Tuesday, July 20, 2021

21st Century Classical Greek -- analyzing verbs

Section 5.3 has some other interesting grammar. 

ἐλῄζοντο δὲ καὶ κατ᾽ ἤπειρον ἀλλήλους.καὶ μέχρι τοῦδε πολλὰ τῆς Ἑλλάδος τῷ παλαιῷ τρόπῳ νέμεται περί τε Λοκροὺς τοὺς Ὀζόλας καὶ Αἰτωλοὺς καὶ Ἀκαρνᾶνας καὶ τὴν ταύτῃ ἤπειρον. τό τε σιδηροφορεῖσθαι τούτοις τοῖς ἠπειρώταις ἀπὸ τῆς παλαιᾶς λῃστείας ἐμμεμένηκεν:

Learn mekhri.

Sidiroforeisthai is a base voice (non-deliberate) progressive conceptual (habitual) i.g. It is partly nouny, “a habit of bearing arms”, as shown by the to article referring to it. Doing this among mainlanders was a relic of ancient piracy.

You might know the term sidereal as having to do with the stars. In Greek, using sidiro- in terms of weapons implies iron weapons, in what some scholars would claim is the Bronze Age. That’s based on outdated information.

About the time the Indo-Europeans started to form in Anatolia, people there were picking up meteoric iron and using it for things like personal ornaments. That’s the source of sidero- in this word.

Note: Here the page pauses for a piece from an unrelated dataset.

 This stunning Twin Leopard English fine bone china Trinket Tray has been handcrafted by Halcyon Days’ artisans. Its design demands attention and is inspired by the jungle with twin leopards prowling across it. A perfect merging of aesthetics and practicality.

At the same time, the copper ore they were digging and refining was mixed with iron, tin, and arsenic. Smelting it to get the copper naturally produced both tin and arsenic bronze. Part of the refuse was iron “bloom”. Ruth Russo proposes that this was used for small implements and weapons, such as iron arrowheads, and that’s how references to iron got into the Iliad. But the Iliad is a narrative with its origins in the 1100s BCE. Archaeology shows that smelted iron was already in use by 2000 BCE and that carbon steel turns up in the 1800s BCE. So the oral narrative behind the Iliad owes part of its origin to a time when both bronze and steel were in use.

Finally, let’s look at emmemeniken. All the word tool entries come from the perfective; it’s deliberate, it’s definite, but is it eventive or conceptual?

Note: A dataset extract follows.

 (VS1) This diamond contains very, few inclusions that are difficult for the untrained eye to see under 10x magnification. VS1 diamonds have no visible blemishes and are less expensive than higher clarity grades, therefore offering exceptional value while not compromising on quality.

If I hold that sidiroforeisthai is its antecedent, then it has to be conceptual, which is singular.

If I hold that toutois tois ipeirotais is its antecedent, then it can be eventive, which is plural. But with the -ois case, emmeniken means be true “to X” and we are not talking about being true to the mainlanders, we are talking about being true to a custom.

That’s why you have to study the whole lexicon entry – so as not to miss details like this.